Opening with vague conspiracy theories is not a good sign.

They claim trends as short as 20 years are "long-term" and therefore meaningful as climatology, but trends as long as 12 years are not. Not much difference between 12 and 20 years.

You'd be surprised. When trying to make conclusions based on simple statistical trends the first thing you need to do is test significance: that is, quantify how likely it is that what you see is not simply a chance arrangement of noise. For example I recently setup a little monte-carlo type test by producing a random time series of 1000 "years" with similar interannual variability properties to global surface temperature records, and a constant +0.02/year underlying trend (to test the idea of a 0.2ºC/decade trend). I then tested different length linear trends across the whole time series to gauge how far away they typically were from the real underlying trend.

I found that 11-year trends at a 90 confidence level could only be stated with an uncertanity of +/-0.23ºC/Decade (i.e. I couldn't state with 90% confidence that the underlying trend isn't 0.2/Decade unless a measured 11-year trend is less than -0.03 or greater than +0.43), whereas 19-year trends could be stated at +/-0.1. That's a considerable difference.

Of course, the length of trend required is determined by what you want to prove or disprove.

More insidiously, the actual basis for "climatology" as a discipline seperate from meteorology (weather forecasting) is based on a sneaky false assumption.
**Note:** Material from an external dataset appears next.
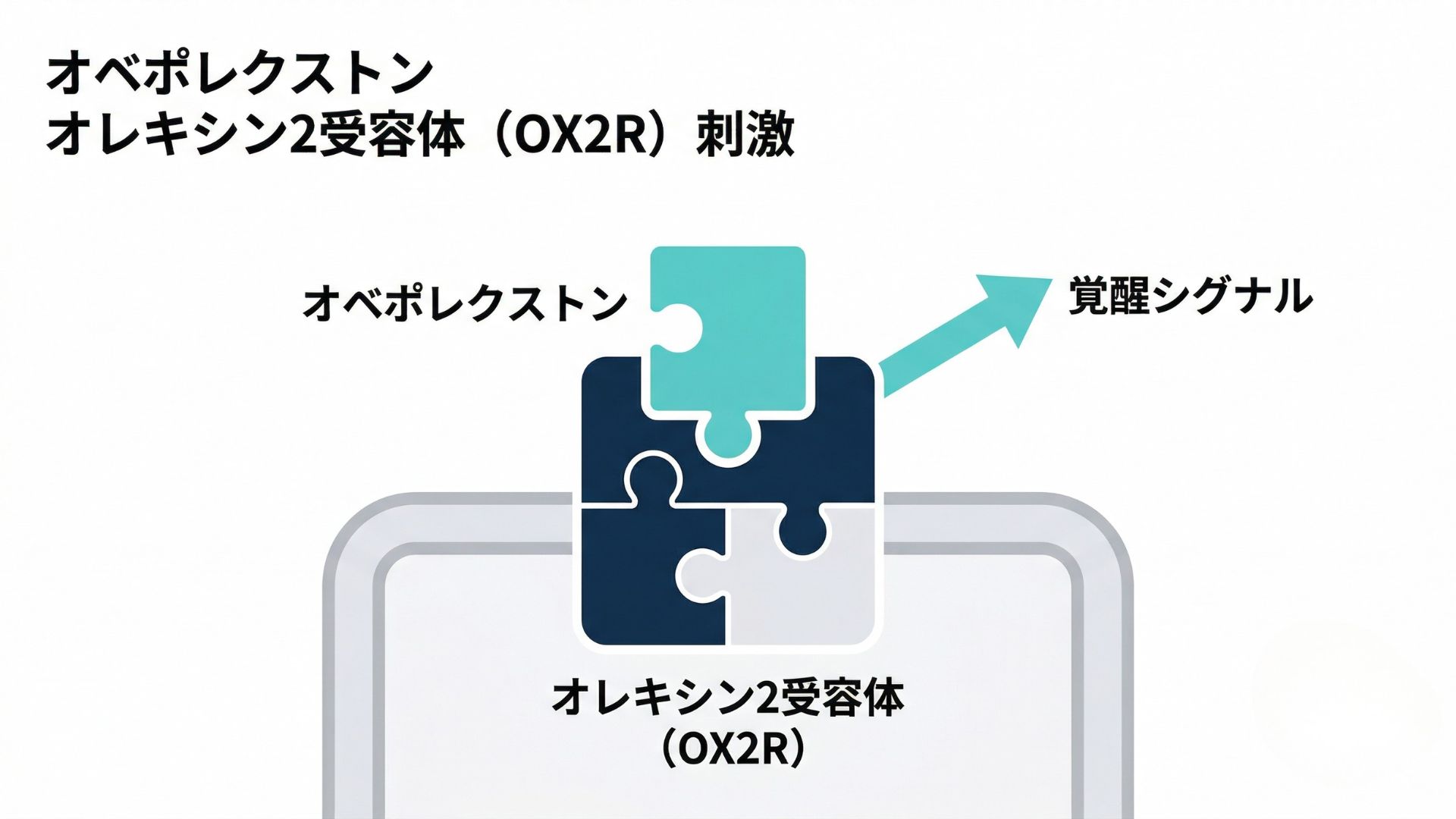 オベポレクストンは経口のオレキシン2受容体(OX2R)選択的作動薬です。作用機序を簡単に言えば、オベポレクストンがオレキシンの代わりにオレキシン2受容体を直接刺激して、オレキシン系のシグナル伝達を促します。その結果、覚醒を保てるようにする仕組みです。

They say that "obviously" the weather system is more predictable over long timescales as the random fluctuations average out.

No, the study of climate generally concerns the statistics of weather. There is no a priori assumption of greater predictability in this study. The extent of climate predictability has been a product of research into the subject. For clear examples of predictability see the regular shape in the annual cycle in global average temperatures (select AQUA ch05 from the drop-down menu, then tick all years and redraw), the regularity in the annual cycle of Arctic sea ice or the climate response from large volcanic eruptions ejecting SO2 into the atmosphere, both in the stratosphere (warming response, eruptions were in 1982 and 1991) and troposphere (cooling response). For an example closer to home, the changing seasons you experience in any particular location are a predictable expression of climate.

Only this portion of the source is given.